Vamos começar mostrando a excelente contribuição dos autores na proposta uma “tabela periódica das expertises”. A tabela é extremamente importante ao nos ajudar a evitar simplismos, e nos fazer reconhecer certas nuances, principalmente nesses tempos de gritaria como do tipo “ouçam os experts, eles sabem mais do que você”, ou “o povo sabe do que está falando porque não está isolado nas torres de marfim dos cientistas”. Precisamos de um discernimento maior das situações, para entender quando alegações desse tipo se aplicam. Como os autores colocam, “essa abordagem [de classificação] fará parecer bizarro e grosseiro o fato de alguém ter simplesmente falado nos direitos dos ‘experts’, de um lado, nos direitos dos ‘leigos’, de outro, sem considerar as diversas formas de ser expert, a distribuição das distintas experiências entre diversos grupos e as relações entre esses grupos” (p. 5). A tabela se encontra a seguir.

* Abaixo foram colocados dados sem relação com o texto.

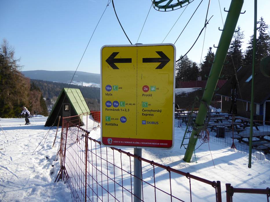 Orientierung (Pistenplan, Informationstafeln, Ausschilderung) und Sicherheit im Skigebiet Černá hora – Janské Lázně

Tabela periódia das expertises. Fonte: COLLINS, Harry & EVANS, Robert. Repensando a Expertise (p.21). Belo Horizonte: Fabrefactum, 2010.

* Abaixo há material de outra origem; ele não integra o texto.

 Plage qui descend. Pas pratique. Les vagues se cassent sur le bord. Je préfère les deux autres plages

Não vamos, obviamente, explicar todos os itens da tabela; a ideia é pelos dar um gostinho para o leitor. Apenas ressaltamos a distinção dos autores entre expertises ubíquas e expertises especializadas. Expertises ubíquas são aquelas que praticamente todas as pessoas de uma sociedade desenvolvem, simplesmente por estarem inseridas nessa sociedade, como língua, hábitos, julgamentos morais, etc. Já as expertises especializadas exigem a entrada em algum tipo de comunidade específica de prática: como a arte, a ciência, ou mesmo um videogame.

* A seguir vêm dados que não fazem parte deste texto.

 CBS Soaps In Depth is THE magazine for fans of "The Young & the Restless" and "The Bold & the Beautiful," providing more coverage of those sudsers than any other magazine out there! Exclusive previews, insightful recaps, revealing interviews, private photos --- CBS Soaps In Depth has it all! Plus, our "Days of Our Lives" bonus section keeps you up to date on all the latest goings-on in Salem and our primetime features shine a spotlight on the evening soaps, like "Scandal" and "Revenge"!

Para o nosso objetivo, achamos por bem explicar melhor a terceira e a quarta linha da tabela, que lidam com os meta-expertises e os metacritérios. São esses os que habilitam o julgamento de certas formas de expertise. No caso dos metacritérios (quarta linha), falamos sobre critérios que nos ajudam a reconhecer a validade de um tipo de expertise, sendo eles as credenciais, as experiências e o histórico de desempenho. Os autores reconhecem que as credenciais e o histórico de desempenho podem, muitas vezes, ser critérios ruins: existem muitas expertises válidas que não acompanham credenciais reconhecidas ou mesmo não têm um registro amplo e acessível de seu histórico de desempenho. Os autores colocam como exemplos casos envolvendo criadores de ovelhas na região da Cúmbria e o de um grupo ativista questionando alguns resultados científicos sobre AIDS (p. 76). Ambos os casos envolviam um conhecimento bastante especializado e particular, porém não reconhecido formalmente ou sem histórico registrado de desempenho.

Meta-expertises, por sua vez, são formas de expertise que permitem julgar a validade de outros expertises. Os autores distinguem entre meta-expertises externos — ou seja, possuídos por pessoas que não participam de forma alguma da comunidade de prática— e meta-expertises internos. Os meta-expertises externos envolvem o discernimento ubíquo e o discernimento local. O caso dos criadores de ovelhas na Cúmbria é um excelente caso do discernimento local: os criadores possuíam uma experiência tácita sobre as condições da criação de ovelhas a qual os cientistas, interessados na implantação de uma usina no lugar, não tinham como saber.

No caso do discernimento ubíquo, falamos sobre formas generalizadas de julgar as práticas a partir de padrões morais ou sociais amplamente difundidos. Por exemplo: você se sente atraído a confiar no trabalho sobre espiritualidade cristã feito por um teólogo envolvido num escândalo de adultério? Pois bem: você não é teólogo, mas está exercendo um tipo de discernimento ubíquo, baseado em sua expertise ubíqua sobre moralidade. O mesmo pode acontecer com a ciência: Collins e Evans mostram como é inevitável que toda a sociedade esteja atenta para questões como honestidade, personalidade, inteligência, reputação, prestígio, integração a certas redes de cooperação, histórico de fracassos, estilo e apresentação de resultados e até mesmo nacionalidade. Assim, por um tipo de processo que os autores chamam de “transmutação”, o juízo advindo da expertise ubíqua se transfere para a expertise especializada.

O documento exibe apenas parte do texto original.